A new set of protocols and pipelines, implemented in an Alzheimer’s disease research project, will open up previously inaccessible regions of the genome

September 14, 2023

By Rose Miyatsu

Researchers at UC Santa Cruz’s Computational Genomics Lab and their collaborators have released new wet-lab and computational protocols that will make long-read sequencing feasible for large genomics projects. These protocols, which they have already implemented in a National Institute of Health project for Alzheimer’s research, will allow researchers to characterize regions of the genome that were previously inaccessible with short-read technology. This could have major implications for future studies on human health, as a number of these unexplored regions can contain medically relevant variations. 

In a paper published in Nature Methods today, the researchers have made their data, sequencing pipelines, and informatics pipelines freely available for others to use for the benefit of future large-scale genomics projects.

The importance of long reads

In projects that involve DNA and RNA sequencing, researchers have a choice between a number of methods for reading the genetic material that all have their advantages and disadvantages. These methods are categorized into “short read” and “long read” technologies. 

Short reads sequence multiple small sections of DNA strands from the same sample, which then get pieced together using computational tools that identify where these small bits overlap in order to reconstruct a full sequence. This method is usually highly accurate, but has limitations. For example, short reads don’t work for regions of DNA that have a lot of repetition, and are not very good at identifying the large variations between sequences, known as structural variations, that are longer than the total length of the short reads. 

Long read sequencing, like nanopore sequencing, is a newer innovation that sequences longer sections of DNA or RNA at once. This allows researchers to detect more variation and sequence sections of the genome with heavy repeats that are inaccessible with short reads. 

Projects such as the Telomere-to-Telomere (T2T) Consortium’s completion of a human genome and the assembly of a Human Pangenome reference have showcased how effective long reads can be for assembling sections of the genome that had previously been inaccessible with short-read technology, and how they could help us learn more about genetic disease and human variation. This has created a strong desire among the scientific community to use long reads in more large-scale projects to study medically relevant portions of the genome. 

However, there have been a number of barriers to doing so. For one, the current method for preparing DNA for long reads has lower yields, which means researchers have to set up multiple costly flow cells to get the same output. Additionally, long reads are slightly less accurate than short reads and need to be repeated for higher accuracy, although the technology is constantly increasing in accuracy. Projects such as T2T have overcome these problems by using multiple techniques to get full coverage, but this is laborious and expensive, so researchers have been looking for ways to make studies using just nanopore long-read sequencing feasible. 

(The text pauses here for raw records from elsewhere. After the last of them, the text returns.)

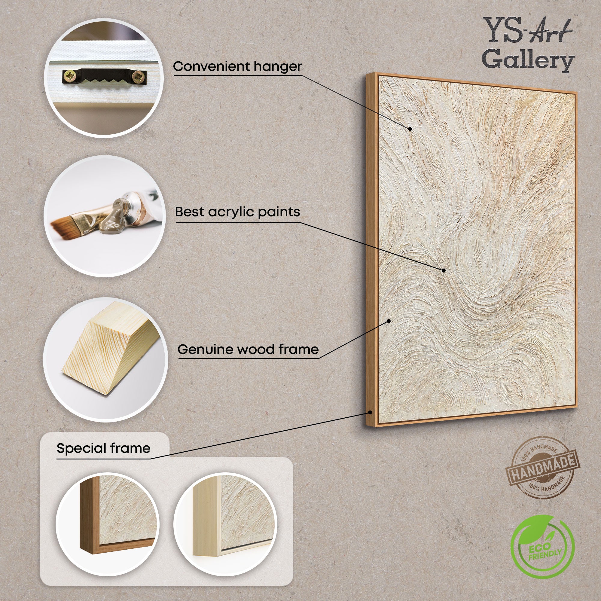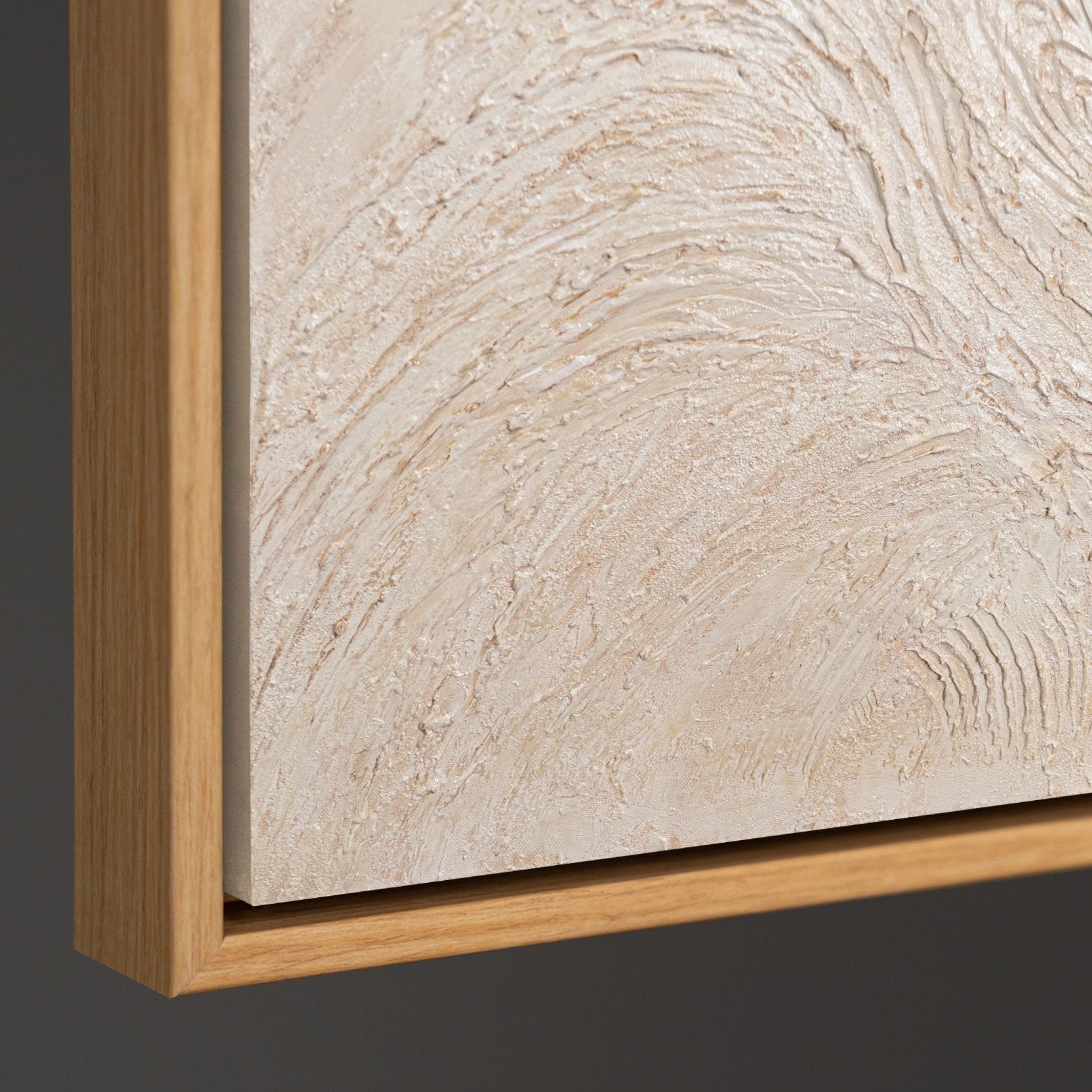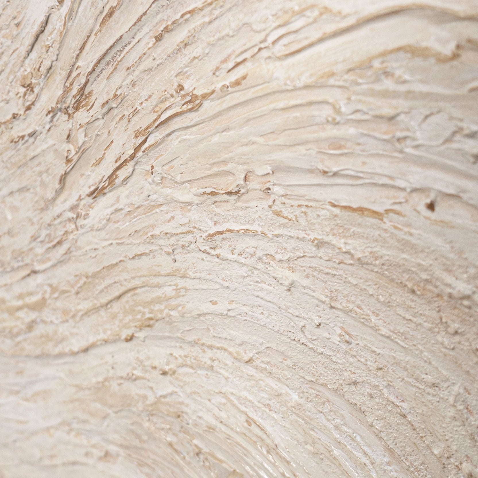 „Baumstrom“ ist eine Hommage an die Energie der Natur – ein Wirbel aus Bewegung, Struktur und Licht. In sanften Creme- und Beigetönen entfalten sich organische Linien, die an Jahresringe, Holzfasern oder vom Wind geformte Wellen erinnern. Jede Pinselspur folgt einem natürlichen Rhythmus, der Tiefe, Leben und Stille zugleich spürbar macht.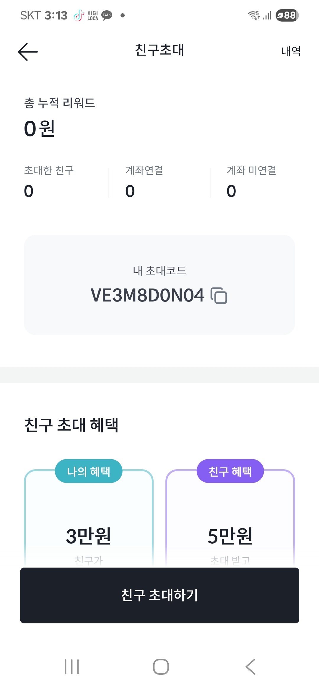 즉, 가입하고 초대코드만 입력해도 최소 5만 원은 무조건 확보할 수 있는 셈입니다. 단, 반드시 국민은행 계좌를 연동해야만 혜택이 주어진다는 점을 꼭 기억해 두셔야 합니다.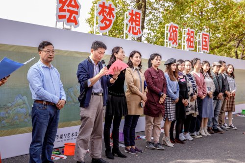 为庆祝新中国七十华诞,推进“不忘初心,牢记使命”主题教育工作,传媒与艺术设计学院举行了“忆初心、记使命、绘梦想、颂祖国”《千里江山图》创意手绘活动。党委副书记俞力元,党委委员、组织部部长王建出席了,学院全体党员及部分学生参加了此次活动。 党委副书记俞力元致辞 俞力元在致辞中对传媒与艺术设计学院在“不忘初心,牢记使命”主题教育工作中思政教育与专业教育有机融合的方式表示充分肯定,对近年来学院所取得的优异成绩表示高度赞许,希望学院进一步强化“理实交融”的教育理念,推动艺术设计教育向更高层次跨越,成为无锡城市职业技术学院特色鲜明的文化品牌。 北宋著名画家王希孟的《千里江山图》以“咫尺有千里之趣”的表现手法描绘了祖国的锦绣河山,画作的意境契合了中华人民共和国成立70周年以来经济、社会的全面腾飞。俞力元,王建为《千里江山图》开笔,为祖国的大美江山添彩。学院教师党员们集体用画笔勾勒出全体师生的设计梦想,讴歌新中国所取得的辉煌成就。学生们在各自负责的区域点画晕染,表达对祖国七十华诞的美好祝愿。 教师绘画 学生绘画 传媒与艺术设计学院紧紧围绕立德树人根本任务,致力于专业技能的特色化构建和传统文化的可持续化学习,将传统文化元素的研习和传承与现代创意设计教育实践有机融合,师生们从中华传统文化中汲取文化自信,把爱国精神转化为实际行动,将“个人梦”融入“中国梦”,共同为实现中华民族伟大复兴努力奋斗。 |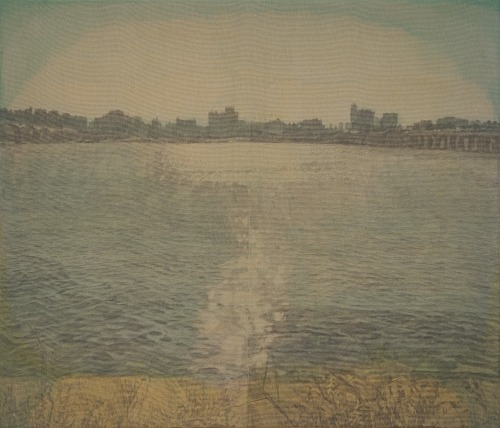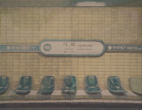 Azur skies and cotton clouds, golden glitters of sand, a quietly babbling river, a ray of sunlight through the glass window pane, and the saturated dusk parallaxed on the far windscreen of a hasty metro bus. Something is sullen about these scenes. Our paths cross only for a moment before we must bid farewell in this reality bound by time. Somehow miraculously surviving, we are embraced, engulfed in the landscape for only the briefest of moments before it fades away into the mist. Perhaps we were drawn to the idea of creating images, a hopeful paddling against the merciless futility that time brings upon our reality. The etymology of image can be traced back to imago, meaning copy, imitation, likeness; statue, picture, often in the sense of the portrait of the deceased or a death mask. That paddling against the current, that desire to grasp at all that must fade, that need to prolong those moments in image; has been driving the history of art. In his solo exhibition CMYK, Sejin Kwon presents landscape paintings with his variations on the rubbing takbon method. The method begins with a sheet of ink paper over the canvas, then and a printed landscape photograph is layered over the carbon paper, then marked over with form and shade using a common office-stationary ballpoint pen, such as Monami or Bic. The practice much closer resembles marking than drawing. After the markings, Kwon adds colors. The CMYK color model is a subtractive color model, an acronym for Cyan, Magenta, Yellow, and Key Plate: those are the colours used in the printing process. The sheet of ink paper is the Key Plate in this case, leaving only CMY colors. Kwon color-painted the details first and ended by plain-brushing color over the entire canvas. 2014 was the year he first used ink paper to transpose images to the canvas. His preferred means of painting was by tracing an image superimposed over a sheet of ink paper to leave a print on the canvas underneath. He prefers this method as it is most mechanical, removing as much subjectivity as possible from the artist’s side of the brush. Yet this does not absolve this process of all subjectivity. It is merely less subjective. The artist has already made spontaneous decisions on the weight and thickness of the print paper which will go over the ink paper, more decisions on the canvas material type, ballpen type, and how much physical pressure to apply while marking over the ink paper. Ink paper tracing can squarely transfer a photographic image unto canvas. However, contouring over carbon paper does not yield contoured lines on the canvas, because ink paper has a very limited number of prints. This severely limits the ability to contour with bolder lines with greaer nuance. Any sort of expression of the ball point pet must be applied in a single stroke of the ballpen, with dynamic pressure applied while tracing the image. The copied images on canvas are sceneries that Kwon saw in person: the Mus?e de l'Orangerie in Paris, Suseong Lake in Daegu, Seonyudo Island and Hyehwa Station in Seoul. For his latest works, Kwon used landscape photographs he took himself within the past two years. The photographs were ink-copied unto the canvas landscape as-is, without any editing or processing. Regardless of fidelity, the specific spatial characteristics seem unimportant. Kwon describes his paintings as being more about recreating photographic images than drawing actual objects. He prefers the photographic medium for its ability to taxidermy a moment in time, quoting Gerhard Richter claim that photography was “pure image.” Kwon’s latest works started with a digitally photographed image, but the artist envisioned the image getting broadcast over waves on an analogue CRT screen television. Analog televisions with the hair-raising glow of the cathode-ray tube, the halftones completely visible to the naked eye. With an academic background in oriental painting, Kwon has an appreciation for classical paintings such as Early Spring painting (早春圖) by Guo Xi (郭熙, active 11th century Song Dynasty, 960?1279) His desire to recreate CRT television screens is like the romance of classical paintings tangible in the faded silk tapestry and paper. He wanted to introduce a sincere depth of expression and time. While modern interpretations of Oriental paintings focus on the reproduction of traditional techniques or ideas, Kwon focuses on reproducing the passage of time that is so viscerally tangible in the Oriental paintings themselves. The landscape paintings use ink paper on canvas, an echo of our forefathers carbon-copying mason-crafted gate names to preserve the beautiful calligraphy of the written name. To offset his observation and record-keeping of things from the past, Kwon is also quietly observing and recording life in the present. Invoking the past through classical paintings, faded photographs, and CRT television screens, the artist seems to meditate on the unavoidable truth of our present becoming the past far too quickly. The photographed scenery was present for him when the photo was taken, but as time passes, the same photo becomes an image or reproduced present. As such, it is unavoidable that image arrives after the present. The actual landscape is also no different. This present landscape did not exist in the past; nor will it exist in the future. Blue skies and clouds, golden sand that reflects light, rivers flowing through the river, sunlight shining through the glass windows, and the glow beyond the fast-running bus car windows. Revisiting that thought, it feels much more sullen. (출처 = Gallery2)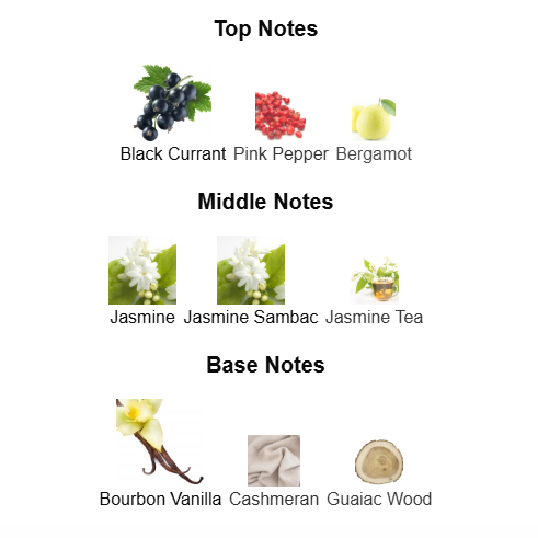 "A Couture elegance made of 3 Jasmine flowers and accords, blended with Vanilla Bourbon, one of the most expensive ingredients in modern perfumery. This is twisted with a cool facet made of Pink Pepper and a Woody overdose, which gives this couture feminine fragrance a modern edge. A self-celebration of my roots, my values and my personality. "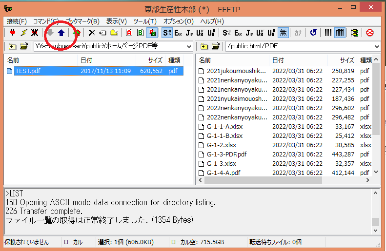 - 該当ファイル(今回はTEST.pdf)を選択して、赤○の「↑」を押してください。該当ファイルがレンタルサーバー上の該当フォルダにアップされます。
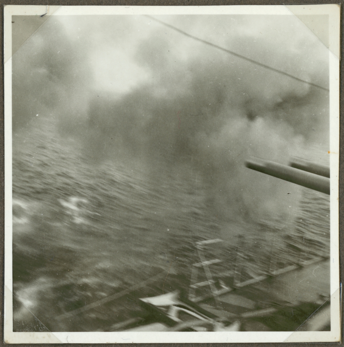 Titel: Denna oskarpa fotografi visar kanoner på ett örlogsfartyg som precist har avlossats.

“It may sound simple, but creating scalable protocols to make them practical for large cohorts is a big deal,” said Benedict Paten, associate professor of biomolecular engineering and senior author on the paper. “Many groups are working on this, and I believe our paper is the first to establish a protocol that we have demonstrated is cost-efficient and practical enough to be used for large-scale genomic studies.”

Creating open-source resources 

The new protocols and pipelines outlined in the Nature Methods paper make it possible to detect variations using only ONT reads at a cost similar to that of short read experiments. They can also accurately detect methylation, a chemical modification of DNA that can alter gene expression, which will also be important for medical studies. 

The protocol has already been applied to cell lines and brain tissue samples in a pilot project for NIH Center for Alzheimer’s and Related Dementias (CARD) and has been found to be more effective than short read sequencing at identifying structural variants that could be important to understanding disease.

The authors hope that the new protocols will be quickly adopted by the larger genomics community to make new discoveries. To better facilitate their use, they have worked to make the new resources as open as possible. In line with the mission of their parent organizations — the UC Santa Cruz Genomics Institute and Baskin School of Engineering — to promote open science, the Computational Genomics Lab has made the informatics pipeline available as an easy-to-run open-source software package. The cell line data is also available through the Terra workspace on the AnVIL platform.

The UC Santa Cruz Genomics Institute is housed under the Baskin School of Engineering and is one of the premier public institutions for storing, cataloging, assembling, validating, and analyzing huge volumes of genomic data. Its mission is to use genomics to positively impact health and nature. It creates advanced technologies and open-source genomics platforms to unravel evolutionary patterns, molecular processes, and the underpinnings of disease. The Genomics Institute is dedicated to openly and responsibly sharing what it learns and creates in order to contribute to creating a healthier world.